Bayside’s director Gary Keister told PDN constructions costs jumped during the COVID-19 pandemic, and trying to find contractors to take up the project became “almost impossible.”

“Our idea was to renovate the Carmel building,” Keister said. “Unfortunately, the cost doubled during the pre-and-post pandemic time. We’re all about putting heads in beds, it just became a very difficult challenge and we decided it probably wasn’t the right project for us.”

Of the $834,000 in bonds the city raised by 2018, according to the city’s Aug. 8 meeting materials, $524,000 has already been spent on the project, including roughly $250,000 for shipping the building from Canada as well as the design and installation of a foundation at the site.
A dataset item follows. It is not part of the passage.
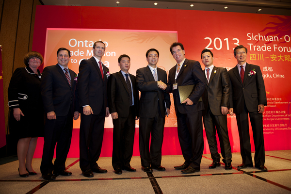 与此同时,贸访团在成都举行了两项合作签约仪式,贸易额总值达6400万加元。省长麦坚迪与四川省代省长魏宏在仪式前举行了正式会晤。麦坚迪在仪式结束后,还前往四川大熊猫繁育基地观赏了憨态可掬的熊猫。
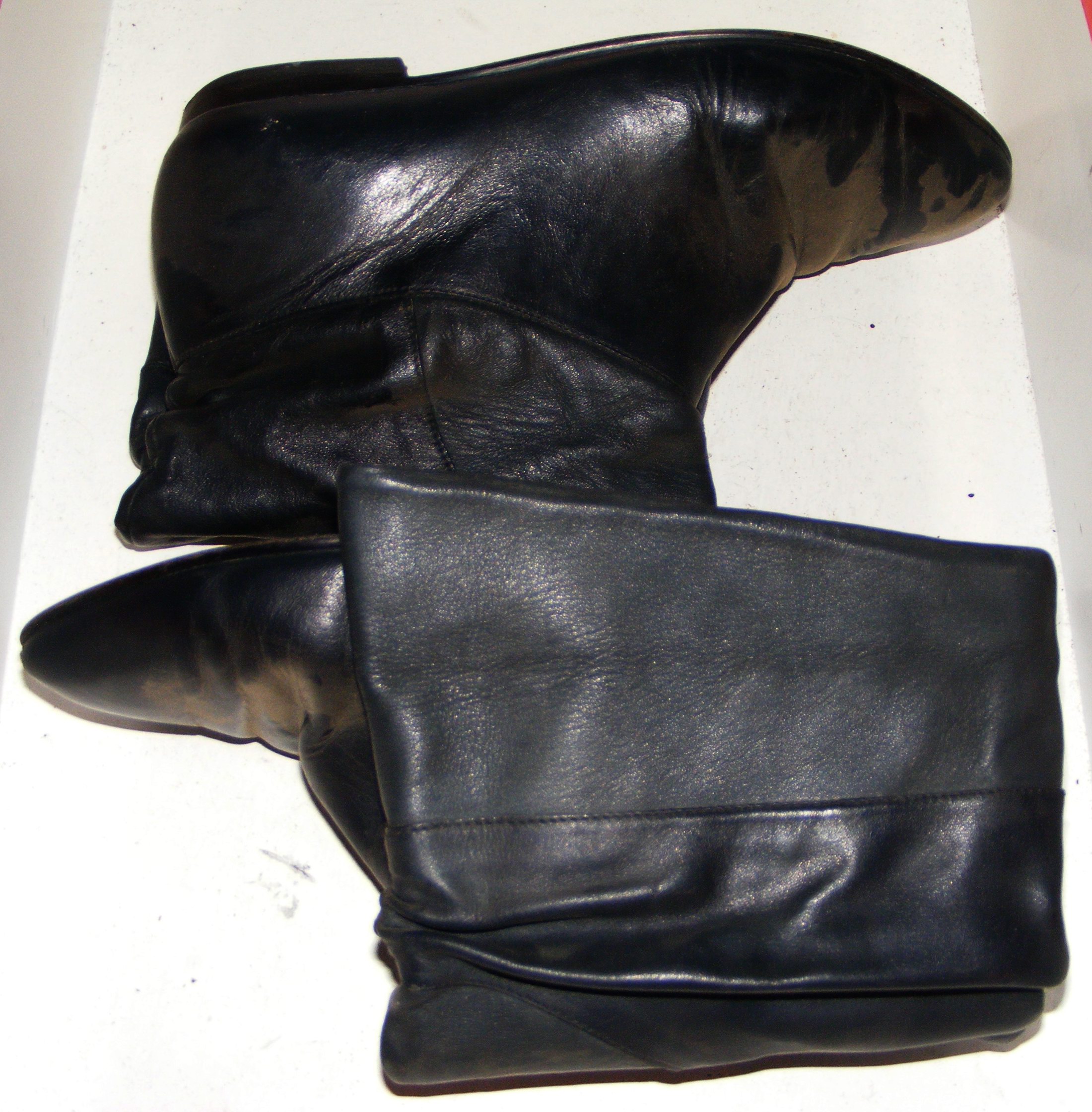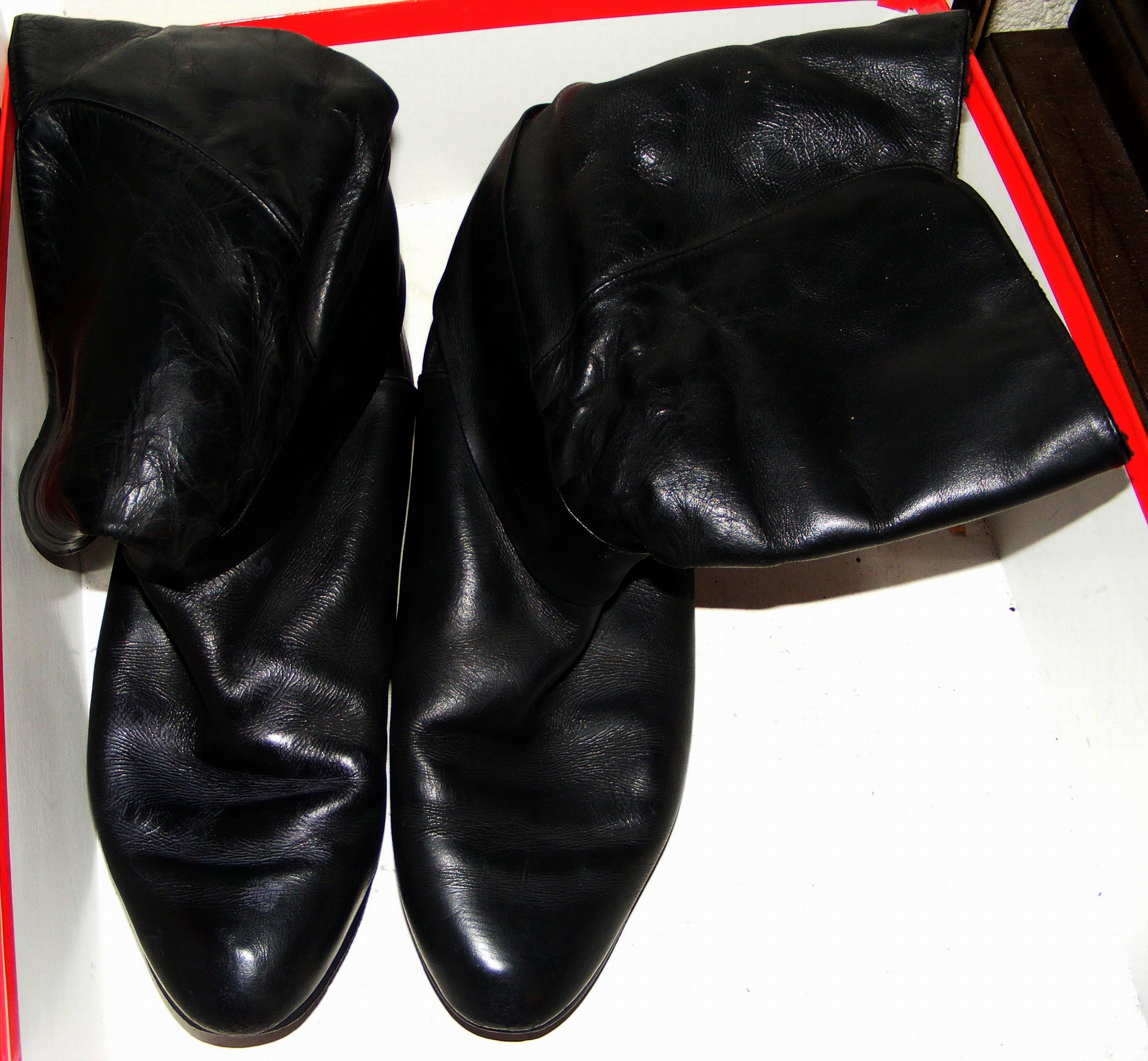 An diesem Tag wollte ich die erstmals gekaufte Erdal-Schuhkreme ausprobieren - dazu kam mir der hart getrocknete, schimmlige Stiefel gerade recht. Also testete ich die Kreme ausgiebig an ihm, ließ ihn einige Tage stehen. Ich beobachtete, daß die Kreme perfekt die Kratzer und Schimmelflecken verschwinden ließ und wie das Leder nach mehrmaliger Behandlung butterweich wurde. Ich kremte nun auch den zweiten Stiefel ein und machte gleichzeitig bei der ursprünglichen Größe 39 den Dehnungstest um eine Nummer, indem ich die Stiefel zu Hause trug. Nach einigen Tagen waren die Stiefelchen paßgerecht Eingetragen und ich führte sie "auf die Straße" aus; machte sogar mit ihnen meinen seinerzeitigen Freund "scharf". :P

At the meeting, city staff presented the council with six options for the property, ranging from trying to continue with the project to simply selling the property as it is.

Option A would’ve had the cityseek another affordable housing provider to complete the project with units at 80 percent of the Average Medium Income (AMI).

Option B would sell the parcel on the market as is “with adjusted project scope to be middle-income housing priced to serve up to 120 percent AMI households.”

Option C would sell on the market with not affordable housing requirements but with density requirements of between eight and 14 units.

Option D would sell the site on the market without restrictions

Option E would demolish the structure, create two lots and sell as residentially zoned property.

Option F would have the city demolish the building but keep the property.

Council members didn’t make a final determination at the meeting but instructed City Manager John Mauro to explore the city’s options along the lines of Options C and D.

The city has $310,000 in bond funds remaining, with annual debt payments of $61,896 until 2040, according to the city’s Aug. 8 presentation.

At one time ownership of the land was transferred to Homeward Bound under the loan agreement, but City Attorney Heidi Greenwood said Friday that the city fully owns the site and no longer has a legal relationship with Olympic Housing Trust.

According to the city’s projections, Option D —selling the site as is — would net the city about $320,000; $350,000 for the sale of the site minus $30,000 in costs to prepare the site for sale. Option C would net the city less, an estimated $225,000, but some council members reasoned a density requirement, regardless of affordability would help ease the city’s housing supply problem.

“If there’s eight units there,” said Council member Libby Urner Wennstrom,” and there’s eight well-heeled senior retirees that buy those, that’s eight other houses on the west end that they didn’t buy, that maybe remain on the rental market.”

Mauro told PDN the whole process of preparing the site for sale would likely take six months to a year. Once the property is sold, the council will have to decide how to use the proceeds.

“One of the options was if the council desired we could take the remaining funds that are there and the proceeds from the sale and pay down the debt on the loan,” Mauro said.